Peter Geoghegan <pg@heroku.com> writes:
> On Wed, May 7, 2014 at 1:47 PM, Tom Lane <tgl@sss.pgh.pa.us> wrote:
>> No, wait, containment *doesn't* look into sub-objects:
>>
>> regression=# select * from j where f1 @> '{"foo": {"bar": "baz"}}';
>> f1
>> -------------------------
>> {"foo": {"bar": "baz"}}
>> (1 row)
>>
>> regression=# select * from j where f1 @> '{"bar": "baz"}';
>> f1
>> ----
>> (0 rows)
> Yes it does. It's just not intended to work like that. You have to
> "give a path" to what you're looking for.

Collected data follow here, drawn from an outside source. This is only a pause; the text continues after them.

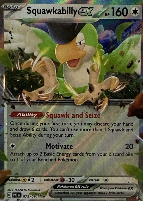 Holo Squawkabilly ex - 075/091 Double Rare Paldean Fates Pokemon TCG - NM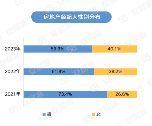 从历年数据可以看出,房地产经纪人中的女性占比逐年提升。报告显示,房地产经纪人中的女性占比从2021年的26.6%上升到2023年的40.1%,房地产经纪行业对女性从业者的认可度逐步提高。部分房地产经纪公司还面向“宝妈”等女性群体提供灵活的就业岗位,以及体系化的职业培训支持。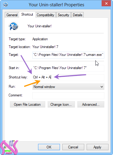 ساخت شورتکات را ديديد ولي براي ساخت يک ميانبري که بافشردن کليدهاي Ctrl+Alt+A باز شود اول بايد يک شورتکات بسازيد سپس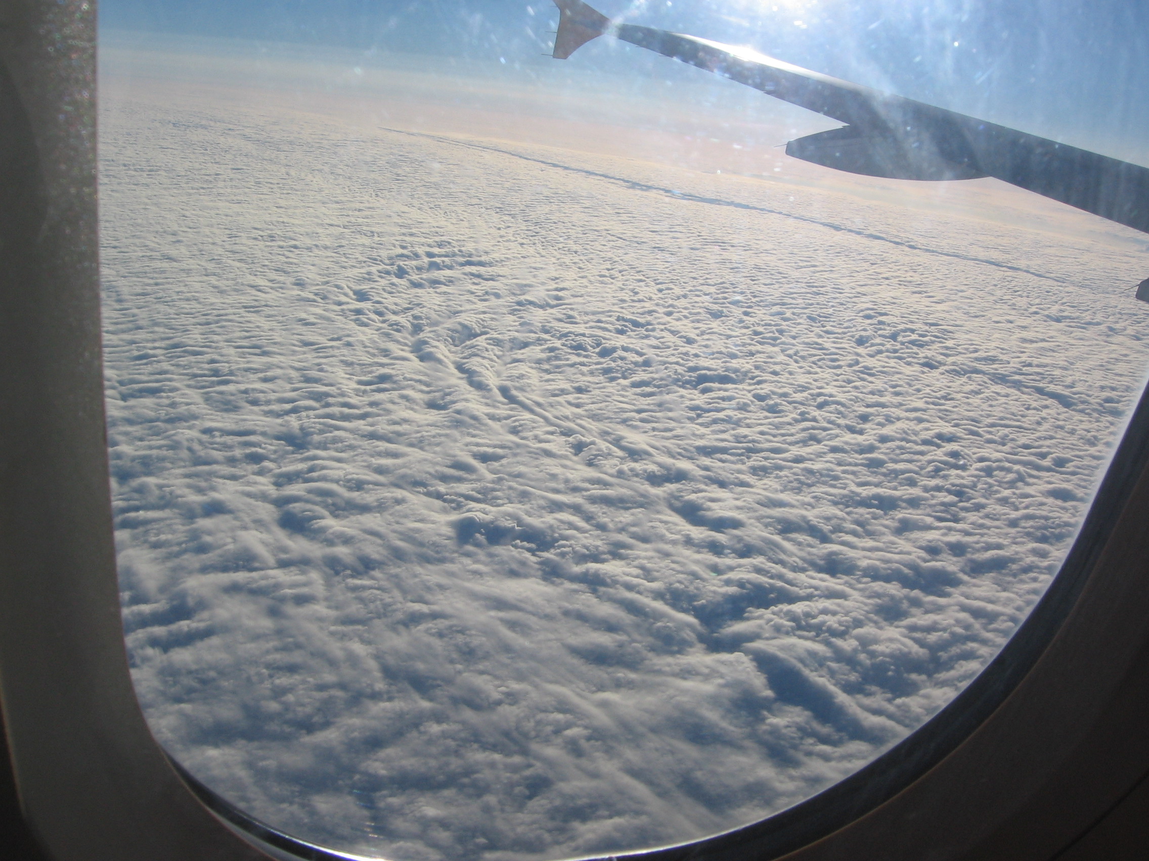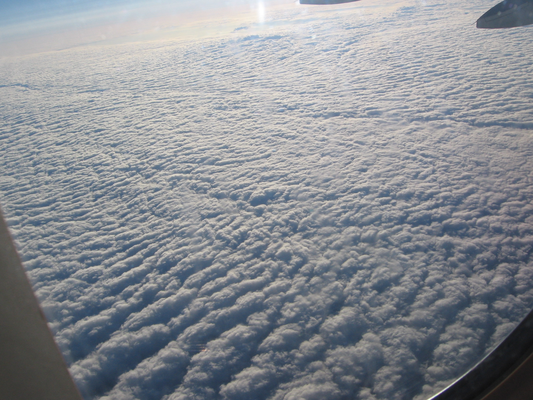 However, one thing that I noticed, was that the clouds from hurricane Hanna looked a lot like an unprocessed fleece, with the little waves in it and the right colors. I was so geeky, I even took pictures of the pretty wool-clouds from the airplane.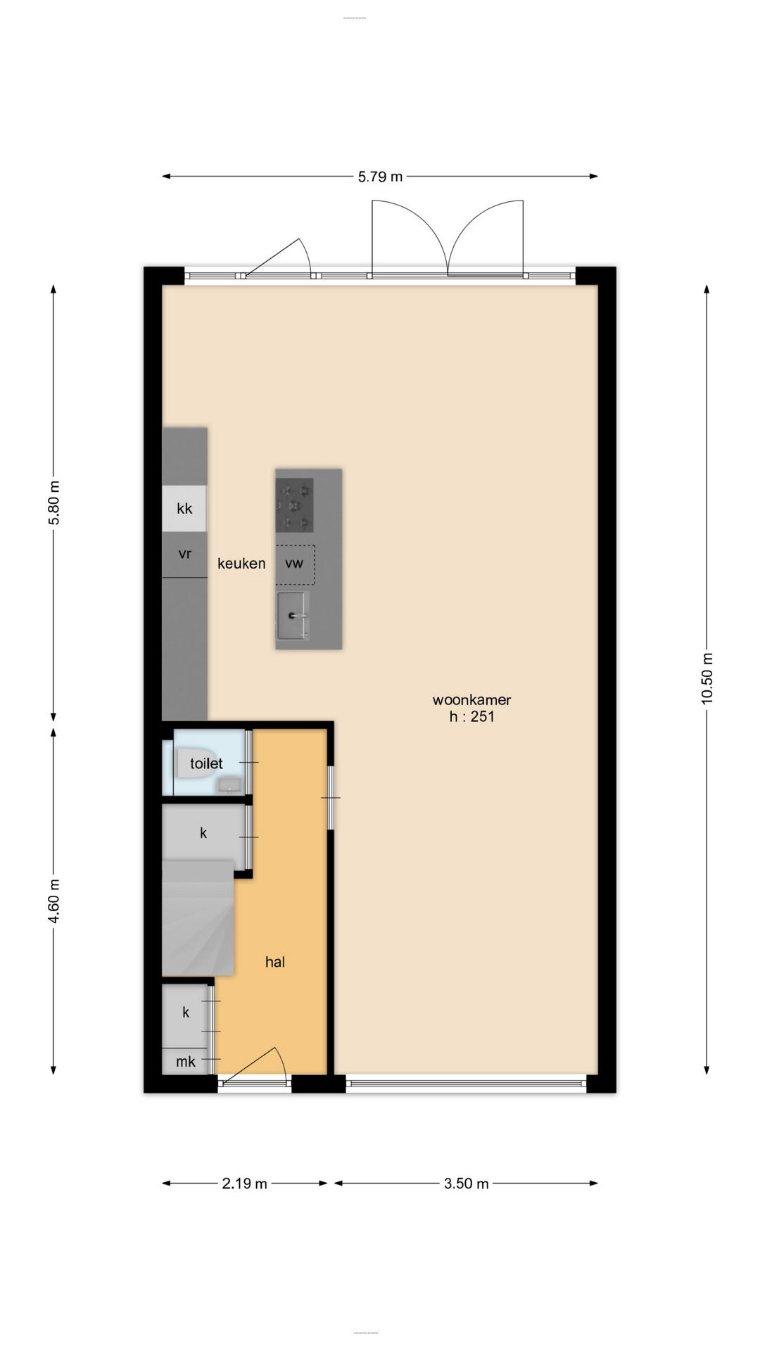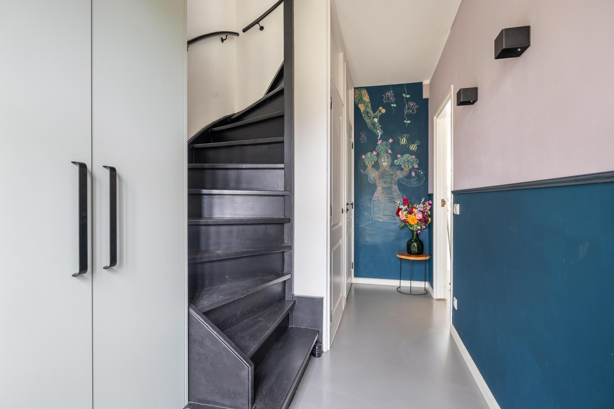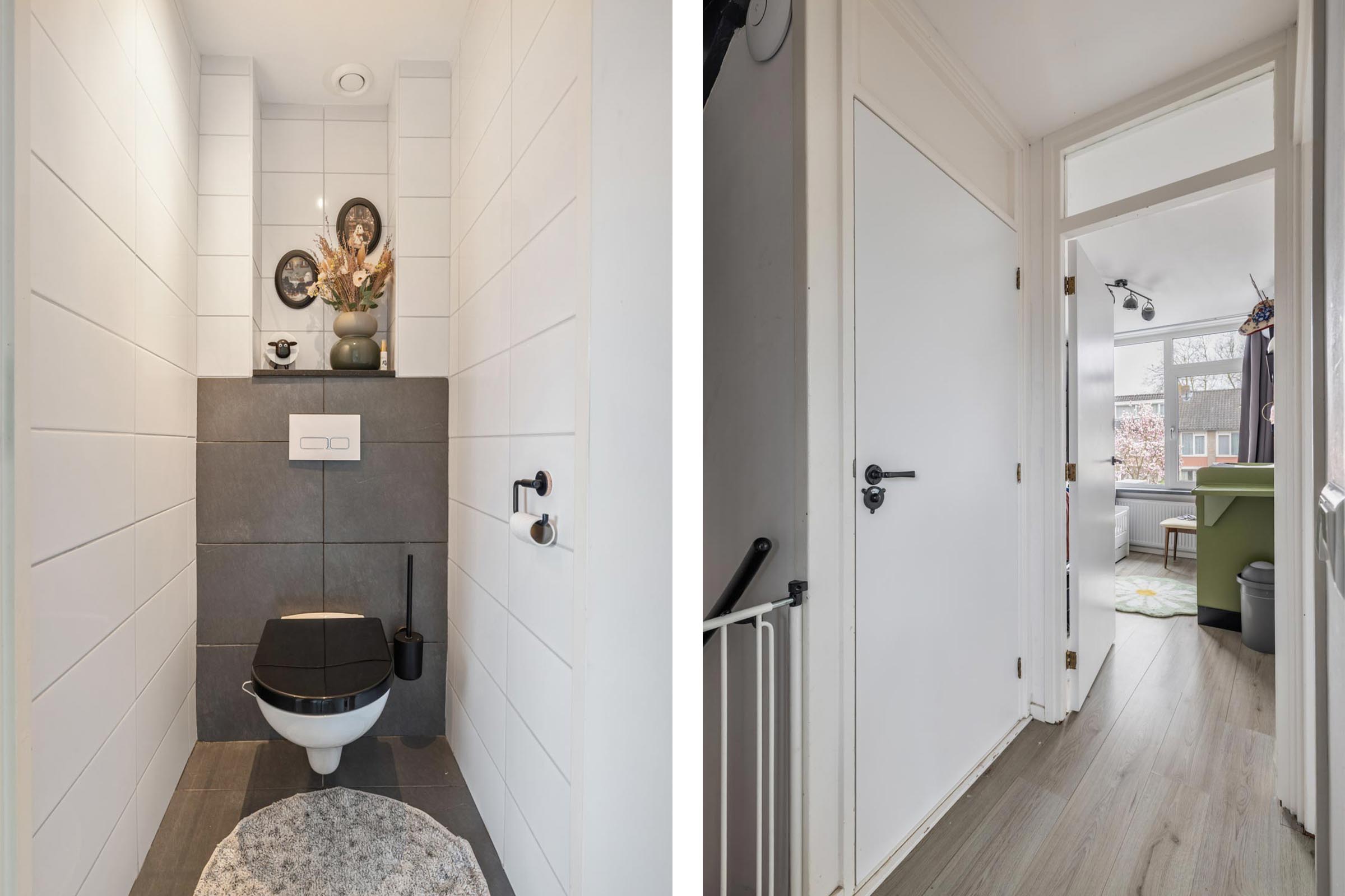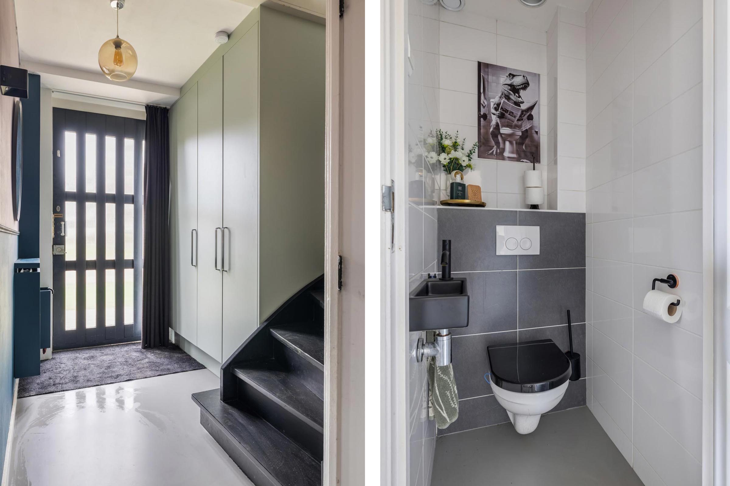 Je komt binnen in een verzorgde hal met maatwerk kastenwand en een moderne meterkast. Hier bevinden zich tevens de trapopgang, trapkast en een strak afgewerkte toiletruimte met zwevend toilet.

Right, so the top-level item in the query has to be at top level in the
searched-for row. This means that we *could* distinguish top-level from
non-top-level keys in the index items, and still be able to generate
correct index probes for a containment search (since we could similarly
mark the generated keys as to whether they came from top level in the
query object).
So the question is whether that's a good idea or not. It seems like it is
a good idea for the current existence operator, and about a wash for the
current containment operator, but perhaps a bad idea for other definitions
of containment.
In any case, something here needs to change. Thoughts?